Kempinski Blog Article
As one of the largest cities in Africa, as well a historically important one, Cairo is a vibrant and fascinating place to visit. From the Nile to the captivating structures this civilisation built, modern-day Cairo is a city that has a challenge on its hands - after all, it is not easy to maintain such an archaeologically important centre and still develop as a modern city. There is no easy answer to the task that faces this enigmatic capital of Egypt, but one thing we do know for sure: Cairo is like nowhere else on earth.
Cairo is a very large city and with over 20 million residents, Cairo has to make sure that both its inhabitants and its visitors can travel around adequately, both locally and internationally. Fly into Egypt's capital, and you will land at Cairo International Airport, which is the second biggest airport in Africa - a testament to how popular this nation is. The airport has three terminals, and you will find a shuttle bus that runs between them, as well as a newly-opened APM (automated people mover).
Getting into the city centre from the airport is straightforward if you opt for a white meter taxi that sit just outside the terminals, or you can arrive in style with the range of limousine services that are also available for hire.
Once you are in the city centre, you can get around using Africa's first extensive metro system, by taxi, or by bus. Additionally, you can hire a car - but unless you intend on exploring outside of the city limits, you might find it less hectic to use public transport when travelling around the city.
When it comes to looking for somewhere to stay, our friendly staff will be more than happy to welcome you to either of our Cairo-based hotels. The Kempinski Nile Hotel, Garden City offers unparalleled views over the iconic river, and the Royal Maxim Palace Kempinskioffers visitors something truly special in terms of architecture.
From schoolchildren learning about the culture in history classes to experts keen to discover yet more of the land's secrets, Ancient Egypt is intriguing to many, for a wide range of reasons - and you will find the remains of this past civilisation in busy, bustling Cairo.
From the iconic Pyramids of Giza and the Sphinx to the Egyptian Museum, there is arguably more history within this corner of Egypt than there is in some entire countries. If you are keen to see it all, consider booking a private guide to take you through the sites, and enjoy the contrasts between the old and new ways of life.

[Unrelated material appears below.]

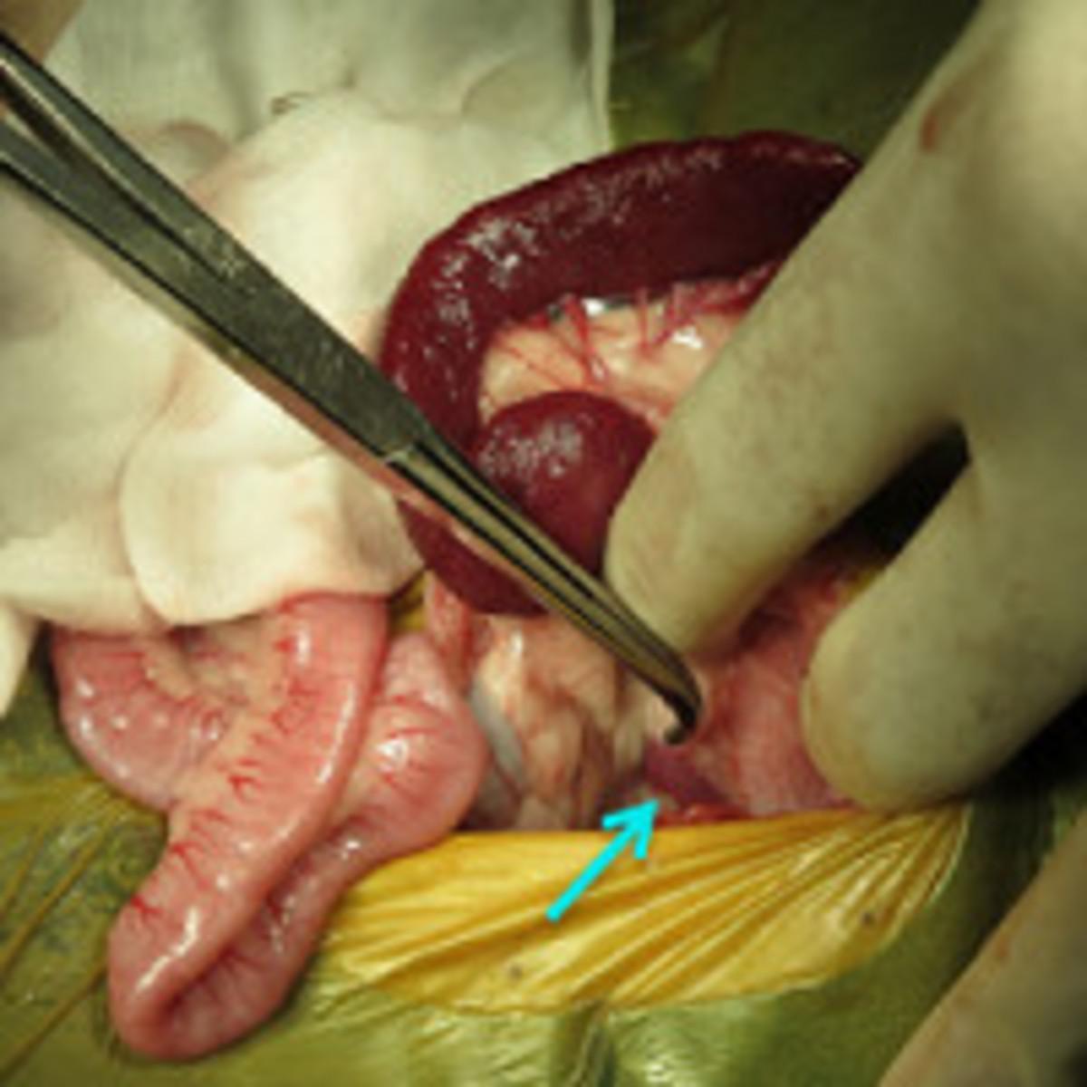 症例に全身麻酔を施した後、上腹部を正中切開し、腸間膜静脈にカニュレーション後、門脈圧の測定および門脈造影(図3)を行いました。シャント血管を同定し(図4)、仮結紮後に門脈圧測定および門脈造影(図5)を実施したところ、門脈圧の上昇が認められたため、門脈圧が過度に上昇しない程度に部分結紮にとどめ、手術を終了しました。手術時間は約60分でした。これらの手術中、約20分おきに血糖値をモニタリングしました(図6)。手術開始20分後で血糖値が158 mg/dlに上昇していましたので、グルコースの流量を0.1 g/kg/hrに減量しました。手術開始後40分では136 mg/kg/dlでしたので、この流量のまま手術終了まで維持しました。手術終了後も血糖値をモニターしながら、輸液中のグルコース濃度を調節して維持しました(図7)。

Egypt has a long-standing tradition with food. It has been the centre piece at many a social occasion, and some archaeologists even claim that food was once used as payment. While you will not get very far trying to trade some legumes in Cairo these days, food can still play an important part in your visit - if you know what to try.

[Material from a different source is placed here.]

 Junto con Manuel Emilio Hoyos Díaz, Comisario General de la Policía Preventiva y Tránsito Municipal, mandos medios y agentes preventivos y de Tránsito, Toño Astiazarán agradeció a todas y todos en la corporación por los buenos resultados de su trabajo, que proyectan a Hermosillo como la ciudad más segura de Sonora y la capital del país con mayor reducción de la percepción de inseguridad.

For something savoury, the halawa is a popular option. You will find it as a pâté-style treat, or as an energy bar or spread, and it is made primarily from sesame paste, and often flavoured with pistachios, almonds and pine nuts. You might sample it as a snack, or it could appear as a component in a larger meal - halawa is used far and wide in Egypt!
Those with a sweet tooth will enjoy a slice of konafah. The noodle-like strands are made from a sweet pastry that has been coated in a buttery mixture. You can find konafah with a nutty filling, or sometimes served with cream, but always with a fruity syrup on top. Enjoy as an afternoon treat or as a dessert.
As you would expect from such an old land, there is plenty of historical and cultural attractions explore when in Egypt's capital.
Great Pyramid of Giza
Also known as the Pyramid of Cheops or Keops, this structure is the largest of the three pyramids in Giza, and is the only one of the Seven Wonders of the Ancient World to stay mostly intact. It is certainly an iconic site of Egypt, and one that definitely should not be missed on a visit to Cairo. Bring along a little extra money to see inside one of the most amazing structures on the planet.
Some of the most important relics of Ancient Egypt lie within the walls of the Egyptian Museum. From King Tutankhamun’s death mask to any number of sarcophagi, the vast amount of things to see here means that opting for a tour guide can really help. Visit later in the day if you want to avoid the crowds, and perhaps pack a fan if you are prone to feeling the heat - the museum does not have air con.
It is not just pyramids that count as impressive structures in Cairo. Sitting just on the edge of the airport district, Cairo Citadel is an Islamic fort. Built in the 12th century, the citadel was once used to protect Cairo and neighbouring Fustat from the Crusaders. Today, you can explore the decadent interior as well as the perfectly landscaped gardens - a fantastic example of medieval architecture in Egypt.
With such a high population, it is entirely understandable that you might want to seek out a little peace and quiet on your visit to Cairo. If that is the case, then a trip to Al-Azhar Park might well be in order. It can be very popular on public holidays and weekends, but from Monday to Friday, the park has a relaxed atmosphere that is favoured by families and friendship groups alike.